Personal information
- Full name: Edward Stone Phillips
- Born: 18 January 1883 Newport, Monmouthshire, Wales
- Died: 8 May 1915 (aged 32) Ypres, West Flanders, Belgium
- Batting: Right-handed

Domestic team information
- 1901–1914: Monmouthshire
- 1903–1904: Cambridge University

Career statistics
| Competition | First-class |
| Matches | 10 |
| Runs scored | 422 |
| Batting average | 23.44 |
| 100s/50s | 1/1 |
| Top score | 107 |
| Catches/stumpings | 3/– |
- Source: Cricinfo, 21 December 2018

= Edward Phillips (cricketer, born 1883) =

Welsh cricketer

Edward Stone Phillips (18 January 1883 – 8 May 1915) was a Welsh first-class cricketer.

Born at Newport, Phillips was educated at Marlborough College, where he played for the school cricket team for three years. From Marlborough he went up to Pembroke College, Cambridge. He began playing minor counties cricket for Monmouthshire in 1901, and when he went up to Pembroke he debuted in first-class cricket for Cambridge University against HDG Leveson-Gower's XI at Fenner's in 1903. Phillips would play a further nine first-class matches for Cambridge in the 1904 season. He was fairly successful for Cambridge in his capacity as a batsman, scoring 422 runs at an average of 23.44. He made one century score of 107 against GJV Weigall's XI.

After graduating from Pembroke he became a director in the family brewing business, Phillips & Sons, Ltd.

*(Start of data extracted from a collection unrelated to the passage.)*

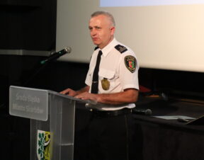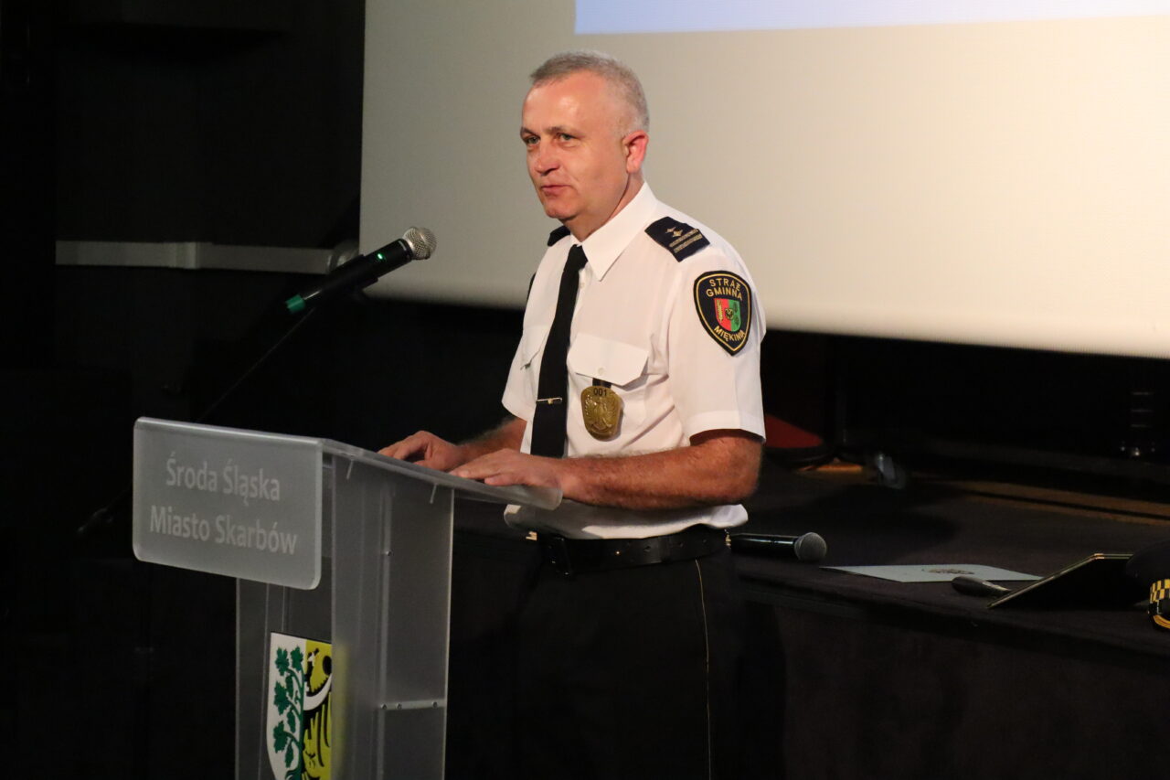Przybyłych gości powitał Ryszard Czerwiec, komendant Straży Miejskiej w Środzie Śląskiej. W swoim przemówieniu podkreślał zasadność i istotę działań średzkich strażników miejskich, zadania i wyzwania, jakie przed nimi stają i problemy, z jakimi się borykają. Dziękował za wsparcie burmistrzowi Adamowi Rucińskiemu oraz radnym Rady Miejskiej obecnej i poprzednich kadencji. Komendant Czerwiec przedstawił też krótką prezentację, obrazującą w skrócie 30-letnią historię średzkiej formacji Straży Miejskiej i najważniejsze fakty z ostatnich lat jej działania.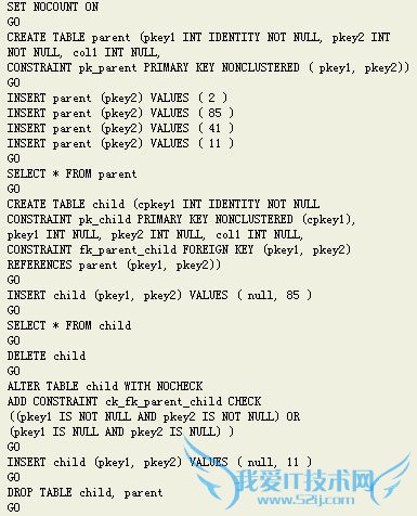 以下为引用的内容: CREATE TABLE Child (pkey1 INT IDENTITYCONSTRAINT pkChild PRIMARY KEY,Parentpkey1 INT NULLCONSTRAINT fkChildParent FOREIGN KEYREFERENCES Parent(pkey1),col1 INT NULL) GOINSERT Child (Parentpkey1, col1) VALUES (null,2)GO |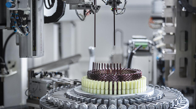 全自動插線機(jī)具備可編程整體式線杯編繞功能,兼容任意繞線設(shè)計,包括線杯組合、線杯梳理、整體搬運和壓裝功能模塊,解決線杯組合過程中的層間跳線組裝、線腳凌亂難入鐵芯、壓裝過程線腳變型等難題,為高層扁線電機(jī)的復(fù)雜繞線設(shè)計提供領(lǐng)先行業(yè)的插線解決方案。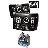 Carpart4u GMC Sierra 1500/2500/3500 / GMC Sierra Denali / GMC Sierra 2500HD/3500HD Halo LED Projector Headlights & Koshin Platinum White Halogen Light Bulbs package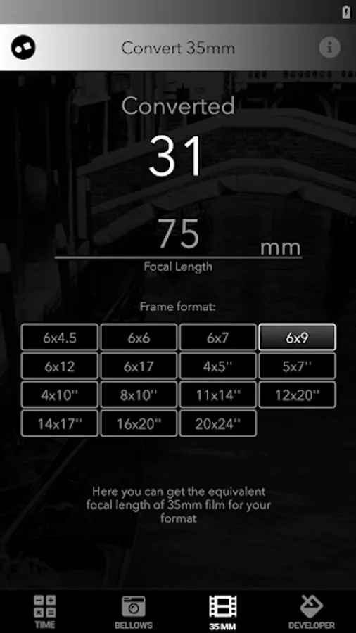 Conversion focal length of the medium and all famous large format cameras lenses into the 35 mm format.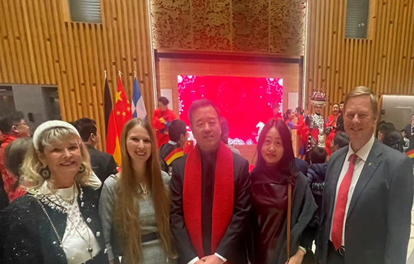2026年2月6日,北京中医药大学德国魁茨汀医院中德双方代表应邀出席中国驻慕尼黑总领馆举办的新春招待会。中国驻慕尼黑总领事邱学军及教育领事刘青文、领桥领事刘山林亲切接待并表示热烈欢迎。魁茨汀中医医院总经理施道丁尔先生与家人深深沉浸于浓厚的中国年氛围之中。施道丁尔女士现场体验中国书法,亲笔书写“福”字,在传统笔墨间感受中华节庆文化的深厚内涵,并向在场嘉宾送上诚挚的新春祝福。
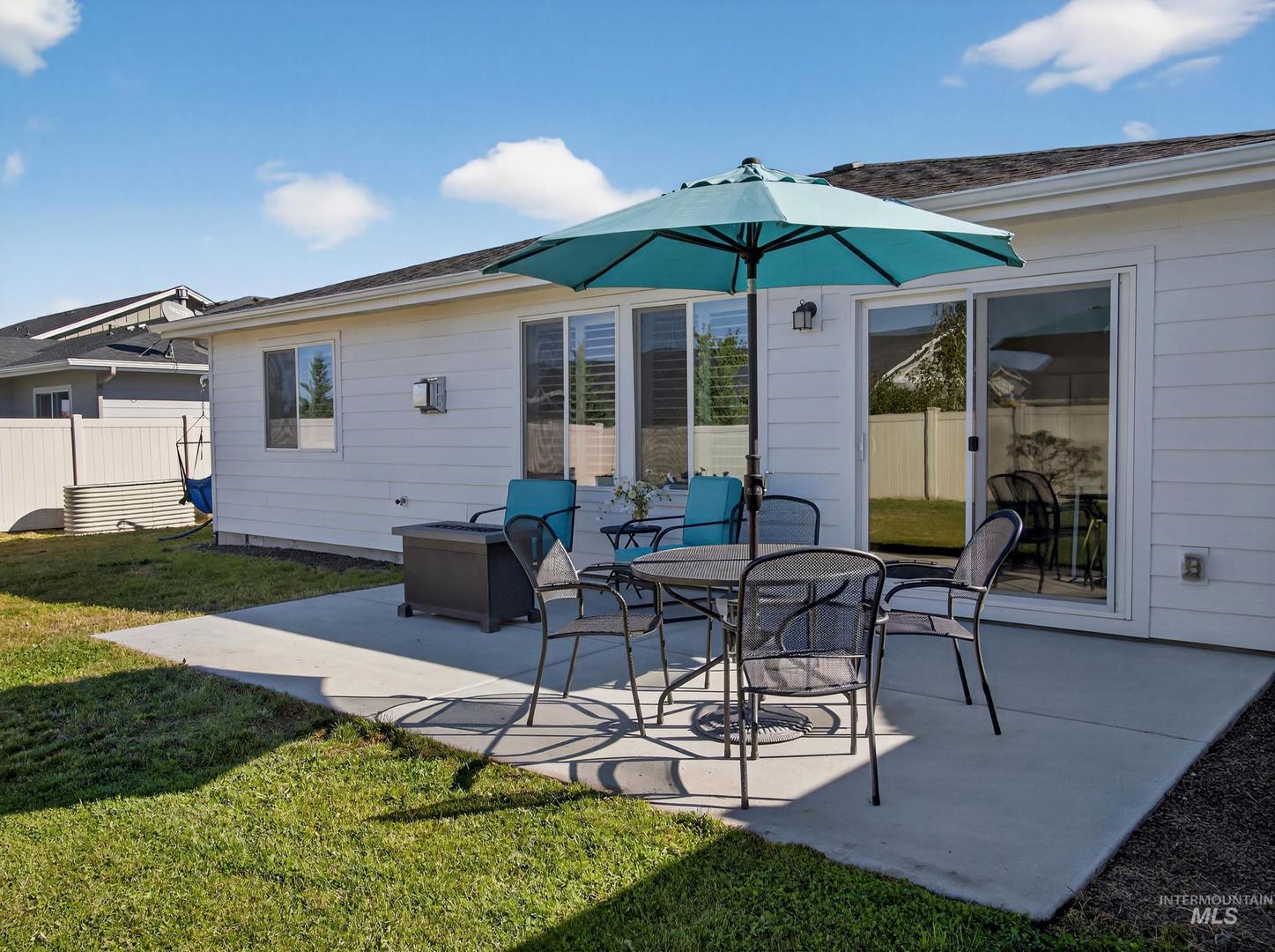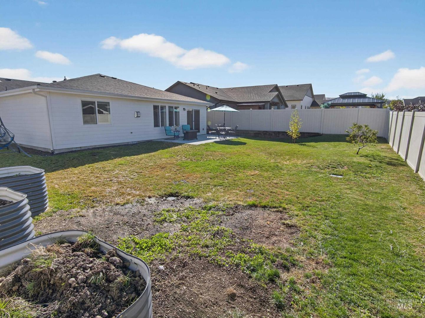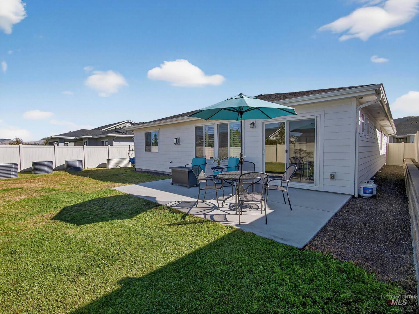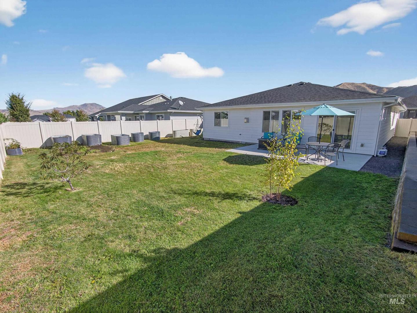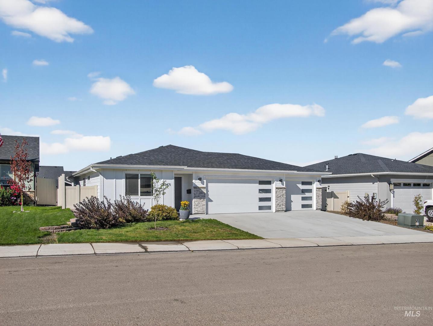 Experience modern comfort and style in this beautifully maintained single-level home in the highly sought-after Highland Subdivision. Featuring 3 bedrooms, 2 bathrooms, and an open-concept design with vaulted ceilings and large windows that fill the home with natural light. The kitchen is a showstopper, showcasing custom cabinetry with ample storage, quartz countertops, a full-tile backsplash, stainless steel appliances and a spacious island—perfect for entertaining. The private primary suite offers a relaxing retreat with a walk-in shower with glass doors, dual vanity, and a large walk-in closet. Additional upgrades include luxury plank flooring, over $6,000 in custom Norman window treatments (including plantation shutters), a reverse osmosis system, and a cozy gas fireplace. Step outside to enjoy the extended 12-foot patio, overlooking beautifully maintained raised garden beds—ideal for outdoor living. The 3-car garage includes a dedicated freezer outlet, Christmas light outlet on the patio, and top-of-the-line LG washer and dryer. The yard is fully fenced and landscaped, with pressurized irrigation and full sprinklers. Residents of the Highland community enjoy resort-style amenities—including a heated pool, pickleball and basketball courts, fiber-optic internet, and scenic walking trails.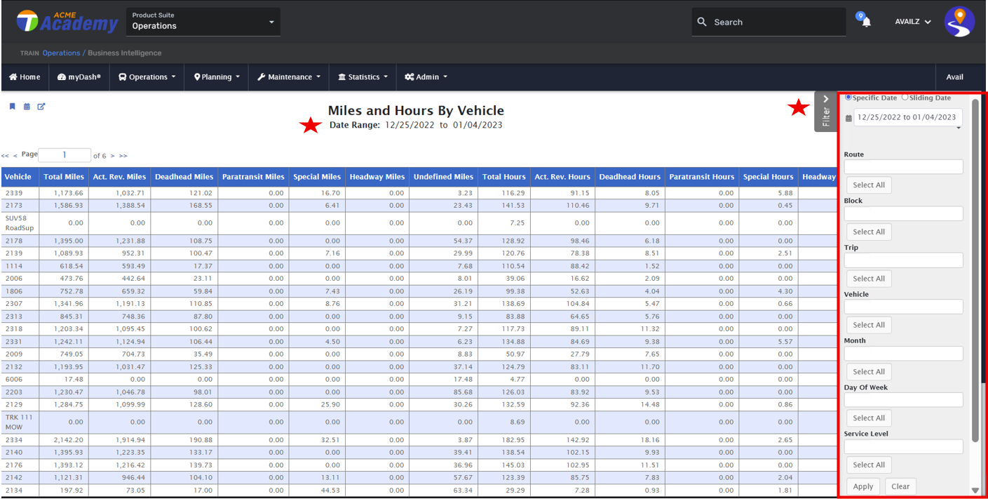 Use the filter pane to adjust the values. Maybe you'd like to review information by Block (vehicles 'follow' the block in the schedule), or by Service Levels. Maybe you have questions about undefined miles and hours? Review each vehicle's miles and hours collection to assist with overall reporting metrics and needs. This report can assist with identifying issues with driver logins, and off route conditions, bus retirements, bus buys, PM needs, and more.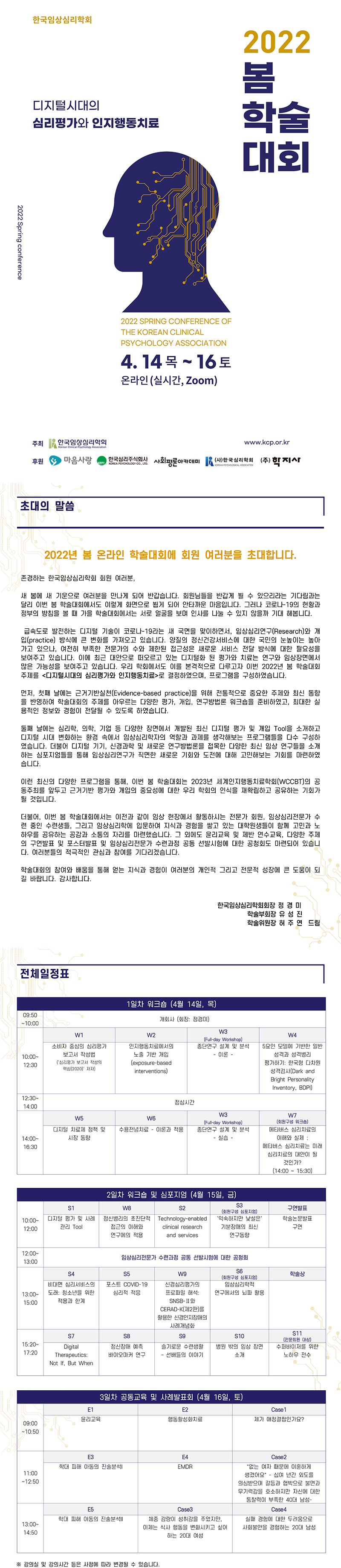 [한국임상심리학회] 2022 봄 학술대회 (온라인) 개최 안내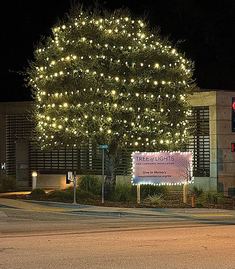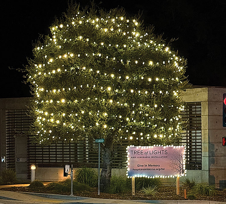 In front of Community Foundation Santa Cruz County at the corner of Soquel Drive and Aptos Rancho Road sits the Tree of Life, a memorial by Hospice of Santa Cruz County, brightening the road for shoppers and travelers this holiday season.

Balancing his commitments to the family business and playing cricket, Phillips still regularly played minor counties cricket for Monmouthshire. He had a prolific season in 1905, scoring three centuries and was selected to play for South Wales in a non-first-class fixture against the touring Australians at Cardiff Arms Park. He played further minor matches for South Wales in the coming seasons against touring sides, including the West Indians in 1906, the South Africans in 1907, and the Gentlemen of Philadelphia in 1908. He played his last minor counties fixture for Monmouthshire in August 1914, by which point he had played 103 matches in the Minor Counties Championship.

With the onset of World War I, Phillips was commissioned into the Monmouthshire Regiment as a second lieutenant in August 1914. He was promoted to the rank of lieutenant in October 1914. In early May 1915, his battalion was engaged in the Battle of Frezenberg (as part of the wider Second Battle of Ypres), during which Phillips was killed in action during a German artillery barrage. He was subsequently buried where he fell, but his grave was destroyed by shellfire. His brother, Leslie, would be killed nearby less than three weeks later.